_TASK REQUIREMENTS_
When copying the entries below, leave out every picture and keep the rest exact.

_DATA SECTION_
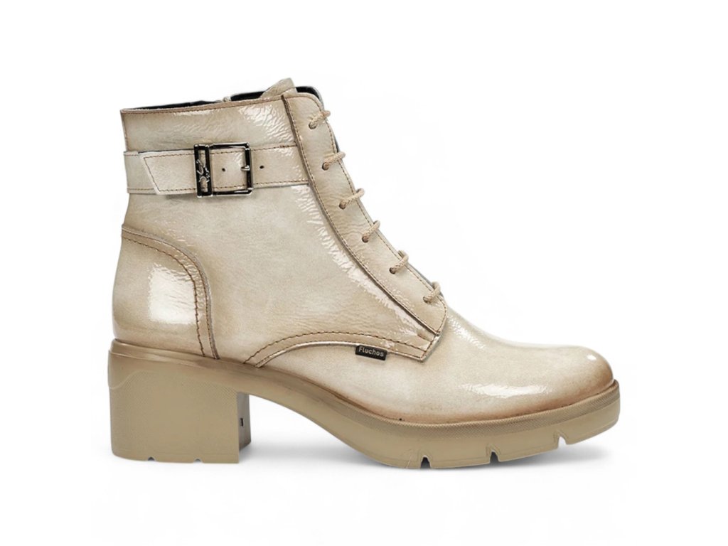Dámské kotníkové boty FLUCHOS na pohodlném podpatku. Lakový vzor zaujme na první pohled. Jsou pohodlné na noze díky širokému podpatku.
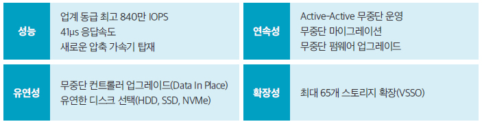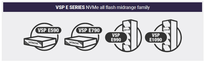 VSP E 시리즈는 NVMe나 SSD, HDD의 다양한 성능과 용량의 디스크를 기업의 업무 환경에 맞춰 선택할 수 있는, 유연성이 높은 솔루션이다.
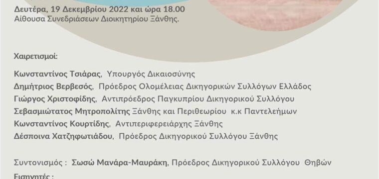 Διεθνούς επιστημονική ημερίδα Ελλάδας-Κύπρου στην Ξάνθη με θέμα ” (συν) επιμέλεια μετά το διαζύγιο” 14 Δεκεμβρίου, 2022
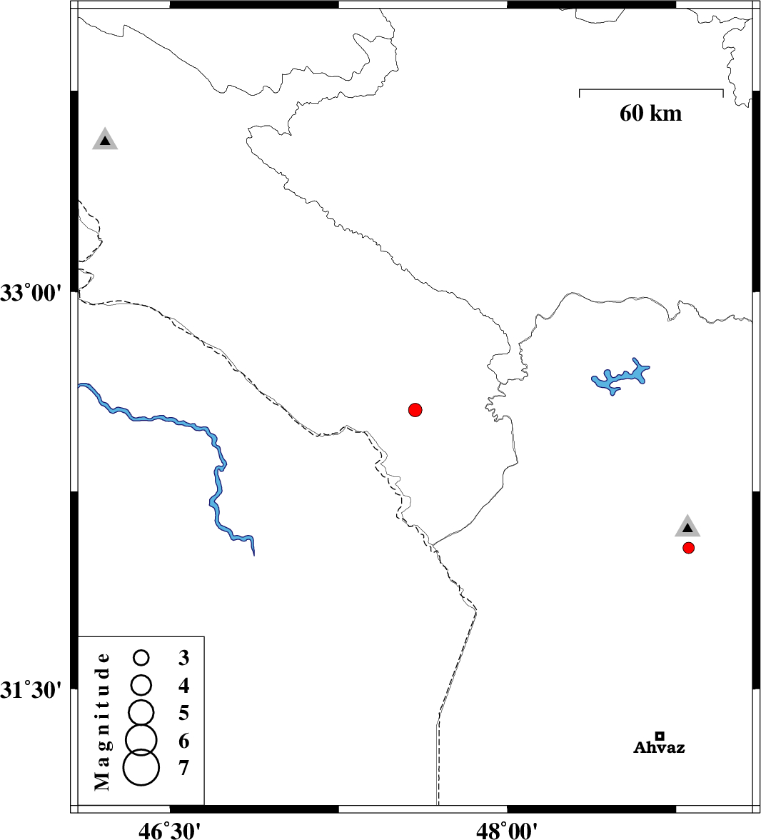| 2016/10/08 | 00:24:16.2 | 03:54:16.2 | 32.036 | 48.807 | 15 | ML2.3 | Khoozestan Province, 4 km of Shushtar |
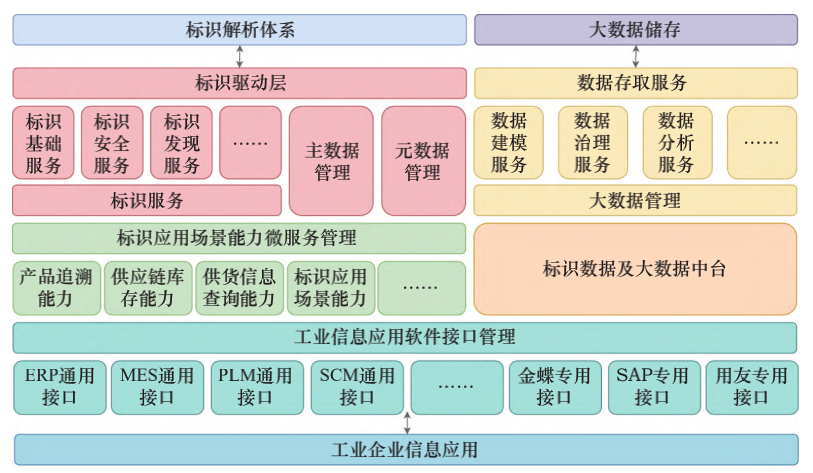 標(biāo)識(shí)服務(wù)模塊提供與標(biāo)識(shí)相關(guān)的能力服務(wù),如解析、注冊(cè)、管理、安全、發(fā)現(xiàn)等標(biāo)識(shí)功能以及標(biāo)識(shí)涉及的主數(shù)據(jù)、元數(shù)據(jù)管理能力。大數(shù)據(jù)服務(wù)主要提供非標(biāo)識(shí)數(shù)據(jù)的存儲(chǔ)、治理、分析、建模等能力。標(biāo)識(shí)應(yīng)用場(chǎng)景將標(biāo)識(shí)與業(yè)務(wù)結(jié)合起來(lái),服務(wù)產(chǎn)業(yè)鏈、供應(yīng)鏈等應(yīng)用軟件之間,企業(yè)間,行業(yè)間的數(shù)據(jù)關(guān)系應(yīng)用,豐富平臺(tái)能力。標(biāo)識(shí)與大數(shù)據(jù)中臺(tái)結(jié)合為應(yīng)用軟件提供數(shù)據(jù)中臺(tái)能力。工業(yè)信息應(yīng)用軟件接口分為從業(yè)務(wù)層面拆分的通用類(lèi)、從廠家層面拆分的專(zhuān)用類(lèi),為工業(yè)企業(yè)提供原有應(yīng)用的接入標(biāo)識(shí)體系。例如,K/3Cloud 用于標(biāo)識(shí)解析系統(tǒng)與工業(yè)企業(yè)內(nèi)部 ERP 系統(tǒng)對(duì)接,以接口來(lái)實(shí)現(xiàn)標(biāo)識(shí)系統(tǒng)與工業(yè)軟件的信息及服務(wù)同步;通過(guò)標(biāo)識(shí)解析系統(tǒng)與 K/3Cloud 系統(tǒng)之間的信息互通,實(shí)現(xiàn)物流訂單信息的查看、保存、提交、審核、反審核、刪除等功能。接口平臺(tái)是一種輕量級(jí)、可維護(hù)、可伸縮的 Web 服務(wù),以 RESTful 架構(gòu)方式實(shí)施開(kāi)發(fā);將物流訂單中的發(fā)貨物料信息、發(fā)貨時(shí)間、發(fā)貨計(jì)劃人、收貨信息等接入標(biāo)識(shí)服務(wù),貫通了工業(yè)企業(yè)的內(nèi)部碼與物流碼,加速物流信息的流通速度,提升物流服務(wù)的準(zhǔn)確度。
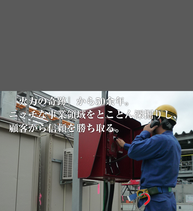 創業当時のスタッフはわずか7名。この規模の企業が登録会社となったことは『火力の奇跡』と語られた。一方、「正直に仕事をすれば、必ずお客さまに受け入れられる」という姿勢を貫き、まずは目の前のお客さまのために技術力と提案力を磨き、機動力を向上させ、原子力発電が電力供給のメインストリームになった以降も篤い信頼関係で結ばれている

_PROBLEM SOLUTION_
Dámské kotníkové boty FLUCHOS na pohodlném podpatku. Lakový vzor zaujme na první pohled. Jsou pohodlné na noze díky širokému podpatku.
 VSP E 시리즈는 NVMe나 SSD, HDD의 다양한 성능과 용량의 디스크를 기업의 업무 환경에 맞춰 선택할 수 있는, 유연성이 높은 솔루션이다.
 Διεθνούς επιστημονική ημερίδα Ελλάδας-Κύπρου στην Ξάνθη με θέμα ” (συν) επιμέλεια μετά το διαζύγιο” 14 Δεκεμβρίου, 2022
| 2016/10/08 | 00:24:16.2 | 03:54:16.2 | 32.036 | 48.807 | 15 | ML2.3 | Khoozestan Province, 4 km of Shushtar |
 標(biāo)識(shí)服務(wù)模塊提供與標(biāo)識(shí)相關(guān)的能力服務(wù),如解析、注冊(cè)、管理、安全、發(fā)現(xiàn)等標(biāo)識(shí)功能以及標(biāo)識(shí)涉及的主數(shù)據(jù)、元數(shù)據(jù)管理能力。大數(shù)據(jù)服務(wù)主要提供非標(biāo)識(shí)數(shù)據(jù)的存儲(chǔ)、治理、分析、建模等能力。標(biāo)識(shí)應(yīng)用場(chǎng)景將標(biāo)識(shí)與業(yè)務(wù)結(jié)合起來(lái),服務(wù)產(chǎn)業(yè)鏈、供應(yīng)鏈等應(yīng)用軟件之間,企業(yè)間,行業(yè)間的數(shù)據(jù)關(guān)系應(yīng)用,豐富平臺(tái)能力。標(biāo)識(shí)與大數(shù)據(jù)中臺(tái)結(jié)合為應(yīng)用軟件提供數(shù)據(jù)中臺(tái)能力。工業(yè)信息應(yīng)用軟件接口分為從業(yè)務(wù)層面拆分的通用類(lèi)、從廠家層面拆分的專(zhuān)用類(lèi),為工業(yè)企業(yè)提供原有應(yīng)用的接入標(biāo)識(shí)體系。例如,K/3Cloud 用于標(biāo)識(shí)解析系統(tǒng)與工業(yè)企業(yè)內(nèi)部 ERP 系統(tǒng)對(duì)接,以接口來(lái)實(shí)現(xiàn)標(biāo)識(shí)系統(tǒng)與工業(yè)軟件的信息及服務(wù)同步;通過(guò)標(biāo)識(shí)解析系統(tǒng)與 K/3Cloud 系統(tǒng)之間的信息互通,實(shí)現(xiàn)物流訂單信息的查看、保存、提交、審核、反審核、刪除等功能。接口平臺(tái)是一種輕量級(jí)、可維護(hù)、可伸縮的 Web 服務(wù),以 RESTful 架構(gòu)方式實(shí)施開(kāi)發(fā);將物流訂單中的發(fā)貨物料信息、發(fā)貨時(shí)間、發(fā)貨計(jì)劃人、收貨信息等接入標(biāo)識(shí)服務(wù),貫通了工業(yè)企業(yè)的內(nèi)部碼與物流碼,加速物流信息的流通速度,提升物流服務(wù)的準(zhǔn)確度。
 創業当時のスタッフはわずか7名。この規模の企業が登録会社となったことは『火力の奇跡』と語られた。一方、「正直に仕事をすれば、必ずお客さまに受け入れられる」という姿勢を貫き、まずは目の前のお客さまのために技術力と提案力を磨き、機動力を向上させ、原子力発電が電力供給のメインストリームになった以降も篤い信頼関係で結ばれている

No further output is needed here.